In [1]:
import re
import nltk
import numpy
import string
import numpy as np
from tensorflow import keras
from keras.preprocessing.text import Tokenizer
from tensorflow.keras.models import Sequential
from tensorflow.keras.utils import to_categorical
from sklearn.model_selection import train_test_split
from tensorflow.keras.callbacks import ModelCheckpoint
from keras.preprocessing.sequence import pad_sequences
from tensorflow.keras.layers import Dense, Dropout, LSTM, Embedding

In [2]:
nltk.download('punkt')
string.punctuation = string.punctuation + '“' + '”' +'-' + '’' + '‘' + '—'
string.punctuation = string.punctuation.replace('.', '')
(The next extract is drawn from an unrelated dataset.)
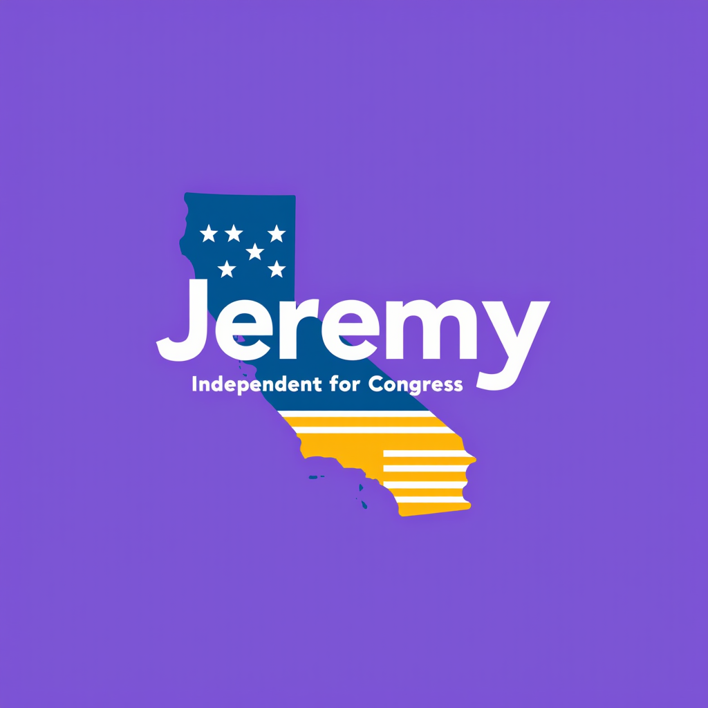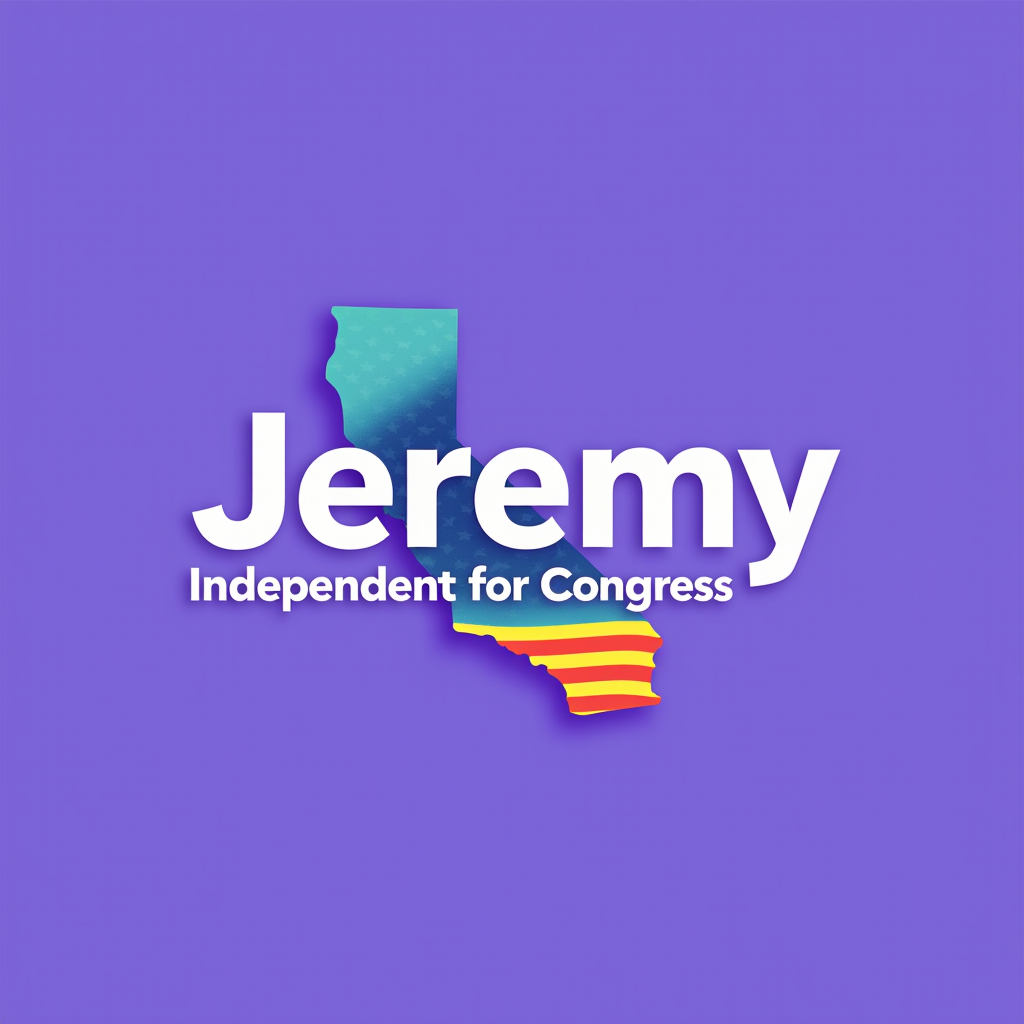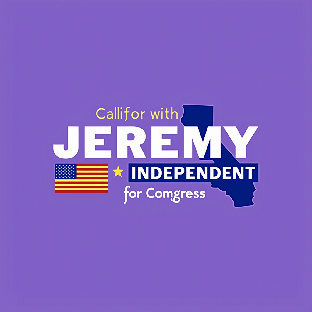 Graphic of the state of California with an American flag and campaign text for Jeremy, an independent candidate for Congress.

[nltk_data] Downloading package punkt to /root/nltk_data...
[nltk_data]   Unzipping tokenizers/punkt.zip.


In [3]:
# path to text file
doc_path = "drive/MyDrive/Newcastle University/Deep Learning/Data/61262-0.txt"

In [4]:
# Loads the data and preprocesses data and stores corpus in raw_text
raw_text = open(doc_path, encoding = 'utf8').read()

file_nl_removed = ""
for line in raw_text:
  line_nl_removed = line.replace("\n", " ")           #removes newlines
  file_nl_removed += line_nl_removed

file_p = "".join([char for char in file_nl_removed if char not in string.punctuation])   #removes all special characters
sents = nltk.sent_tokenize(file_p)
print("The number of sentences is", len(sents)) #prints the number of sentences

string.punctuation = string.punctuation + '.'
file_q = "".join([char for char in file_p if char not in string.punctuation])   #removes even periods.
words = nltk.word_tokenize(file_q)
print("The number of tokens is", len(words)) #prints the number of tokens

average_tokens = round(len(words)/len(sents))
print("The average number of tokens per sentence is", average_tokens) #prints the average number of tokens per sentence

unique_tokens = set(words)
print("The number of unique tokens are", len(unique_tokens)) #prints the number of unique tokens

preprocessed_text = file_p.lower()       #converts corpus into lowercase

The number of sentences is 3945
The number of tokens is 55708
The average number of tokens per sentence is 14
The number of unique tokens are 7326


In [5]:
print(preprocessed_text[1500:1638])

appearance of mr. davenheim    x the adventure of the italian nobleman    xi the case of the missing will       poirot investigates       


In [6]:
print(preprocessed_text[1638:2000])

poirot investigates     i     the adventure of the western star  i was standing at the window of poirots rooms looking out idly on the street below.  thats queer i ejaculated suddenly beneath my breath.  what is mon ami asked poirot placidly from the depths of his comfortable chair.  deduce poirot from the following facts here is a young lady richly dressedfas


In [7]:
print(preprocessed_text[-18700:-18640])

h wonderwhat old andrew marsh would have thought     the end


In [8]:
# removing disclaimer and other non novel text
preprocessed_text = preprocessed_text[1638:-18640]

In [9]:
set(preprocessed_text)

{' ',
 '.',
 '0',
 '1',
 '2',
 '3',
 '4',
 '5',
 '6',
 '7',
 '8',
 '9',
 'a',
 'b',
 'c',
 'd',
 'e',
 'f',
 'g',
 'h',
 'i',
 'j',
 'k',
 'l',
 'm',
 'n',
 'o',
 'p',
 'q',
 'r',
 's',
 't',
 'u',
 'v',
 'w',
 'x',
 'y',
 'z',
 '£',
 'à',
 'â',
 'æ',
 'ç',
 'è',
 'é',
 'ê',
 'ô',
 '•'}

In [10]:
# Uses the preprocessed data and create raw_text
raw_text = preprocessed_text   #periods have not been removed for better results

# creates mapping of unique characters to integers
chars = sorted(list(set(raw_text)))
char_to_int = dict((c, i) for i, c in enumerate(chars))
int_to_char = dict((i, c) for i, c in enumerate(chars))

In [11]:
# Prints the total characters and character vocab size
n_chars = len(raw_text)
n_vocab = len(chars)

print("The number of total characters are", n_chars)
print("\nThe character vocab size is", n_vocab)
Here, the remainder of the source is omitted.